Potato 2.3.0 introduces agentic annotation with 12 trace format converters, Solo Mode for human-LLM collaborative labeling, Best-Worst Scaling, SSO/OAuth, Parquet export, and 15 demo projects.

By Potato Team·

Potato 2.3: Agentic Annotation, Solo Mode, and the Future of Human Evaluation

We are excited to announce Potato 2.3.0, the largest release in Potato's history. This update introduces two major new systems -- agentic annotation and Solo Mode -- alongside Best-Worst Scaling, SSO/OAuth authentication, Parquet export, and 15 new demo projects.
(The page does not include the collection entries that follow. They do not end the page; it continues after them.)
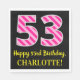 Fun Pink Stripes "53"; Happy 53rd Birthday; Name Napkins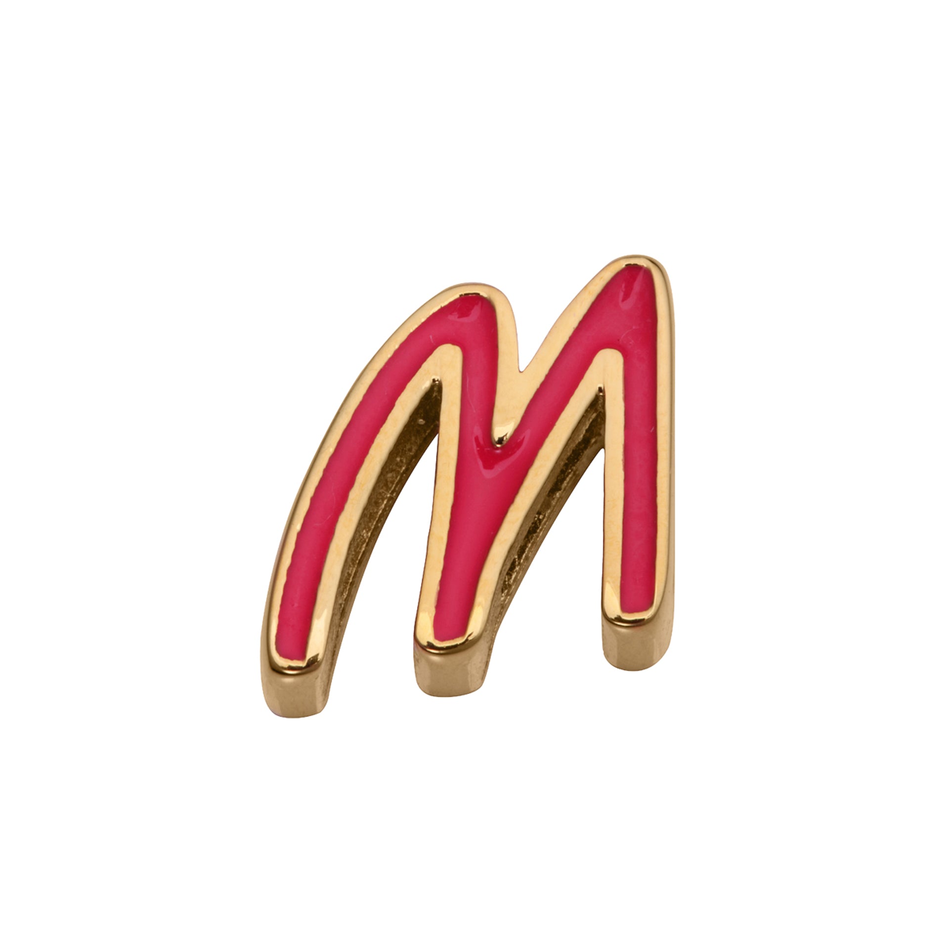 Motivo lettera M per bracciale da ragazza in acciaio gold e smalto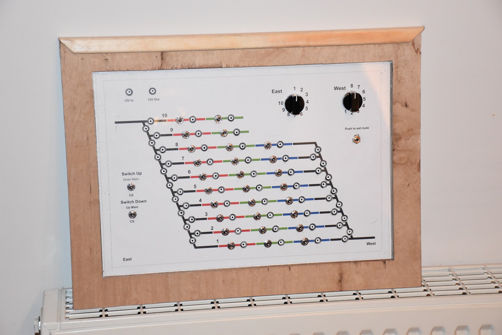 January 2016 Wiring seems to go on for ever with not much sign of progress. This panel is for the fiddle yard or carriage sidings. I use an old version of Design CAD Express to draw the control diagram. This one is printed on A3 paper. It sits on top of a sheet of 1mm thick aluminium with a sheet of 1mm thick clear acrylic sheet on top of that. Once everything is clamped up, I start drilling holes. It's very tedious as I need to start of with a small drill bit and work up gradually. If you try to go in with the right size drill bit to start, it just grabs the acrylic and makes a mess. Either you end up with a not very round hole or the acrylic cracks. As the drill bits get bigger you need to start off with a very slow speed - again otherwise the drill bit just grabs. Later on I discovered a much better way to do it. The idea is to set the route with the rotary switch and press the switch to then operate the motors that need to move. Otherwise a motor would operate at each switch position. In the centre, switches operate the isolating sections and LEDs (not yet fitted will indicate which controller is in control. |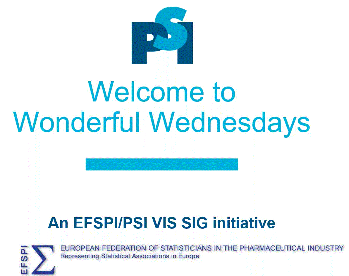 The VIS SIG is happy to introduce a new initiative called “Wonderful Wednesdays”. This initiative will provide the participants to not only learn theoretically about visualisation principles but also apply them to relevant examples from the field of healthcare and the development of new therapies. This webinar kicks off the webinar series by giving an introduction into principles of visualization and an overview of the process. The first dataset is also introduced.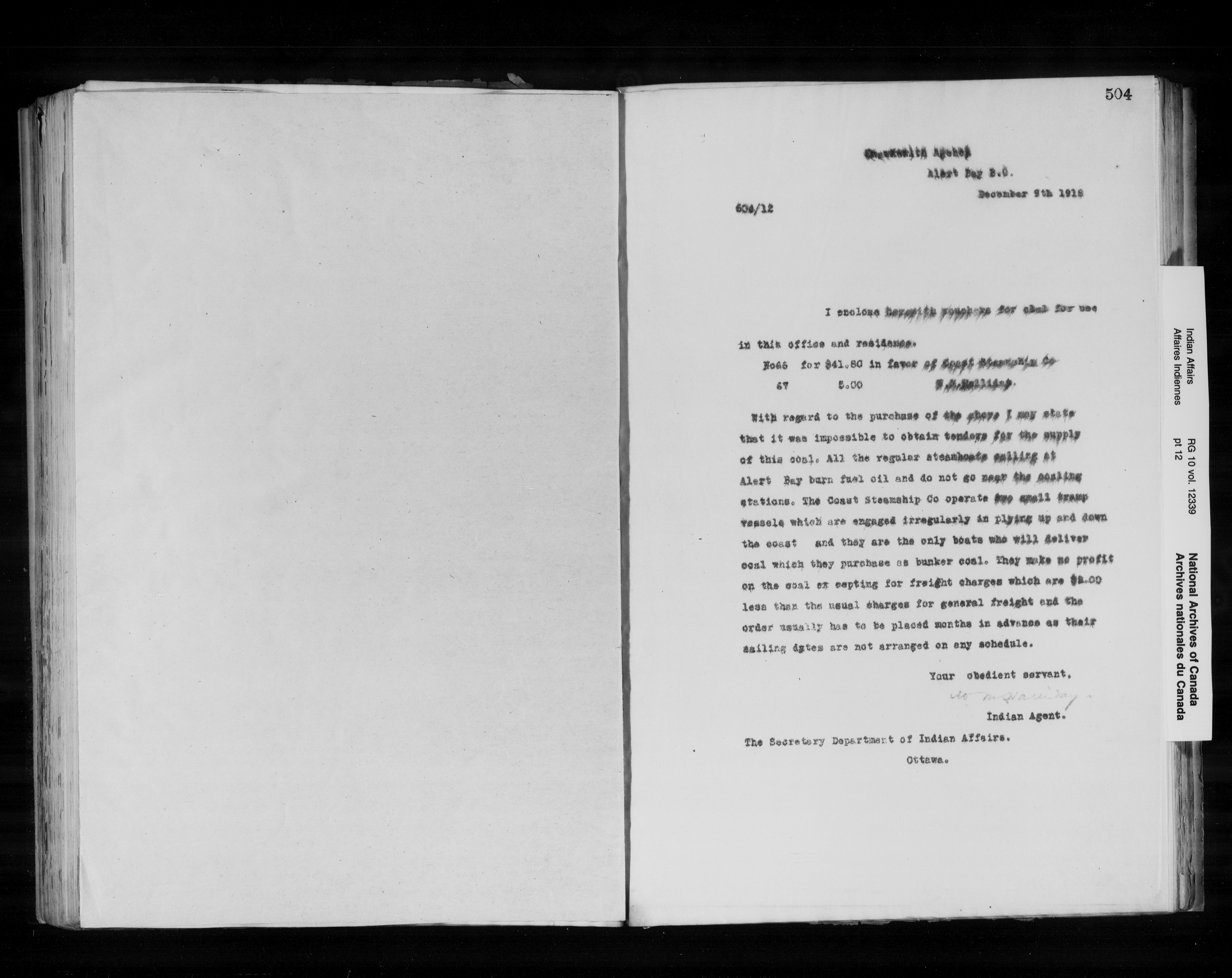 Letters written by the agent at Alert Bay (Kwawkewlth) Agency between 1908 and 1913 and between 1914 and 1920. - 16078

The theme of this release is simple: the things we need to annotate have changed, and our tools need to keep up. Researchers are no longer just labeling text sentiment and named entities. They are evaluating multi-step AI agent traces, comparing LLM outputs at scale, and building datasets for increasingly complex tasks. Potato 2.3 is built for this new reality.


Agentic Annotation

The headline feature of Potato 2.3 is a complete system for evaluating AI agents through human annotation.

AI agents -- systems that take multi-step actions to accomplish tasks -- are proliferating rapidly. But evaluating them is hard. A single agent run might involve dozens of tool calls, reasoning steps, web page navigations, and intermediate outputs. Existing annotation tools show agents' outputs as flat text, losing the rich structure that evaluators need to see.

Potato's agentic annotation system solves this with three components.

12 Trace Format Converters

Agent traces come in different formats depending on the framework. Potato normalizes them all into a unified representation:

ConverterSource
openaiOpenAI Assistants API / function calling
anthropicAnthropic Claude tool_use / Messages API
swebenchSWE-bench task traces
opentelemetryOpenTelemetry span exports
mcpModel Context Protocol sessions
multi_agentCrewAI / AutoGen / LangGraph
langchainLangChain callback traces
langfuseLangFuse observation exports
reactReAct Thought/Action/Observation
webarenaWebArena / VisualWebArena
atifAgent Trace Interchange Format
raw_webRaw browser recordings (HAR + screenshots)

Configuration is straightforward:

yaml
agentic:
  enabled: true
  trace_converter: react
  trace_file: "data/agent_traces.jsonl"

Auto-detection is available for projects that need to ingest traces from multiple sources:

yaml
agentic:
  enabled: true
  trace_converter: auto

Three Display Types

Different agent modalities need different visualizations.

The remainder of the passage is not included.